→ Exercise objective:
What you return must match the listing below line for line, minus its pictures.

→ Data section:
· · · ·
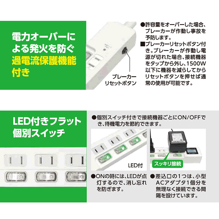 | ◆節電タップ(独立スイッチ付) 2個口+USBポート×2 | ||||||||||||||
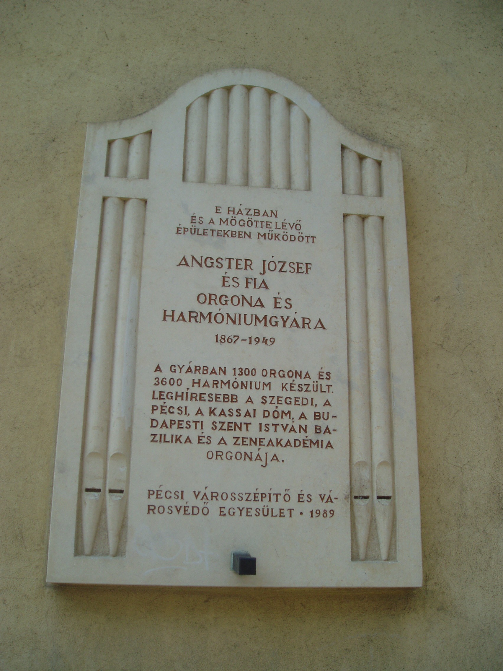 Nyilvános 999 | 1652 | Pécs, Mária utca 35. | Fénykorában itt, és a környező épületekben működött az Angster orgonagyár. Alapítója, Angster József (1834–1918) nem született bele a szakmába. Eszéki asztalos–tanoncként töltött évek után Bécsben tanulta a hangszerkészítő szakmát. Tudását Párizsban tökéletesítette a világhírű Cavaillé–Coll orgonagyárban, ahonnét az akkor elérhető legmagasabb képzettséggel érkezett haza. Saját gyárának megalapítása után az első kimagasló szakmai sikert a kalocsai székesegyház (lásd: Kalocsa, Szentháromság tér) számára megépített orgonája hozta meg számára. Az orgonaüzem többször költözött, mert a megrendelések szaporodása miatt egyre nagyobb helyre lett szüksége. A József utcába való költözés jelentette a végleges telephely kialakításának első lépését. A gyártelepet 1891-ben tovább bővítették a József utcával párhuzamos Mária utcában levő 35. számú épülettel; ezen a házon látható az 1989-ben felavatott emléktábla. A századfordulón a kitűnő Angster–orgonák már szinte benépesítették a Kárpát–medencét, sőt eljutottak az akkori határokon túlra is. A fejlődés kiemelkedő lépcsőfoka volt a pécsi Belvárosi plébániatemplom (lásd: Pécs, Széchenyi tér) orgonájának ünnepélyes felavatása 1886-ban. Közben Angster József fiai, Emil és Oszkár is bekapcsolódtak a munkába, és apjuk 1918-ban ebben a házban bekövetkezett halála után ők vezették a céget. olyan hangszerek születtek, mint a budapesti Zeneakadémia orgonája 1925-ben és a szegedi Fogadalmi templom hatalmas hangszere. 1940-ben a harmadik Angster–generáció vette át a vezetést: Angster József és Imre. Az ő háborús idejükben is megtartotta hírét az üzem, de 1949. december 28-án bekövetkezett az államosítás, a fokozatos megszüntetés, a vezetők meghurcolása és a berendezések kiselejtezése. Napjainkban az Angster–hagyomány a tudomány síkján a stuttgarti Fraunhofer tudományos intézetben Angster Judit és férje, Miklós András révén, a gyakorlatban pedig az 1992 óta működő Pécsi Orgonaépítő Manufaktúra (Pécs, Buzsáki utca 37.) munkájában folytatódik. A fénykép 2006 júliusában készült. Felh. irod.: Angster József: Az Angster-család és az Angster Orgonagyár történetéből. = Angstertől Zsolnayig. Ipartörténeti tanulmányok. Pécs, 1999 |
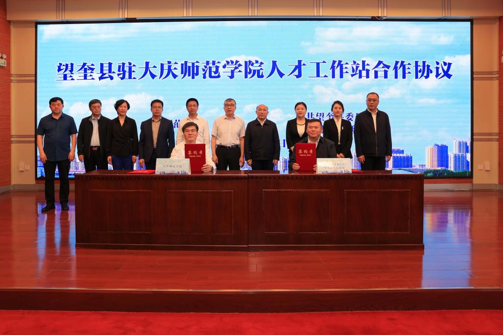 李庆达和我校组织部负责人张象林现场签订了《战略合作框架协议》《人才工作站合作协议》。
· · · ·
→ Response:
 | ◆節電タップ(独立スイッチ付) 2個口+USBポート×2 | ||||||||||||||
 Nyilvános 999 | 1652 | Pécs, Mária utca 35. | Fénykorában itt, és a környező épületekben működött az Angster orgonagyár. Alapítója, Angster József (1834–1918) nem született bele a szakmába. Eszéki asztalos–tanoncként töltött évek után Bécsben tanulta a hangszerkészítő szakmát. Tudását Párizsban tökéletesítette a világhírű Cavaillé–Coll orgonagyárban, ahonnét az akkor elérhető legmagasabb képzettséggel érkezett haza. Saját gyárának megalapítása után az első kimagasló szakmai sikert a kalocsai székesegyház (lásd: Kalocsa, Szentháromság tér) számára megépített orgonája hozta meg számára. Az orgonaüzem többször költözött, mert a megrendelések szaporodása miatt egyre nagyobb helyre lett szüksége. A József utcába való költözés jelentette a végleges telephely kialakításának első lépését. A gyártelepet 1891-ben tovább bővítették a József utcával párhuzamos Mária utcában levő 35. számú épülettel; ezen a házon látható az 1989-ben felavatott emléktábla. A századfordulón a kitűnő Angster–orgonák már szinte benépesítették a Kárpát–medencét, sőt eljutottak az akkori határokon túlra is. A fejlődés kiemelkedő lépcsőfoka volt a pécsi Belvárosi plébániatemplom (lásd: Pécs, Széchenyi tér) orgonájának ünnepélyes felavatása 1886-ban. Közben Angster József fiai, Emil és Oszkár is bekapcsolódtak a munkába, és apjuk 1918-ban ebben a házban bekövetkezett halála után ők vezették a céget. olyan hangszerek születtek, mint a budapesti Zeneakadémia orgonája 1925-ben és a szegedi Fogadalmi templom hatalmas hangszere. 1940-ben a harmadik Angster–generáció vette át a vezetést: Angster József és Imre. Az ő háborús idejükben is megtartotta hírét az üzem, de 1949. december 28-án bekövetkezett az államosítás, a fokozatos megszüntetés, a vezetők meghurcolása és a berendezések kiselejtezése. Napjainkban az Angster–hagyomány a tudomány síkján a stuttgarti Fraunhofer tudományos intézetben Angster Judit és férje, Miklós András révén, a gyakorlatban pedig az 1992 óta működő Pécsi Orgonaépítő Manufaktúra (Pécs, Buzsáki utca 37.) munkájában folytatódik. A fénykép 2006 júliusában készült. Felh. irod.: Angster József: Az Angster-család és az Angster Orgonagyár történetéből. = Angstertől Zsolnayig. Ipartörténeti tanulmányok. Pécs, 1999 |
 李庆达和我校组织部负责人张象林现场签订了《战略合作框架协议》《人才工作站合作协议》。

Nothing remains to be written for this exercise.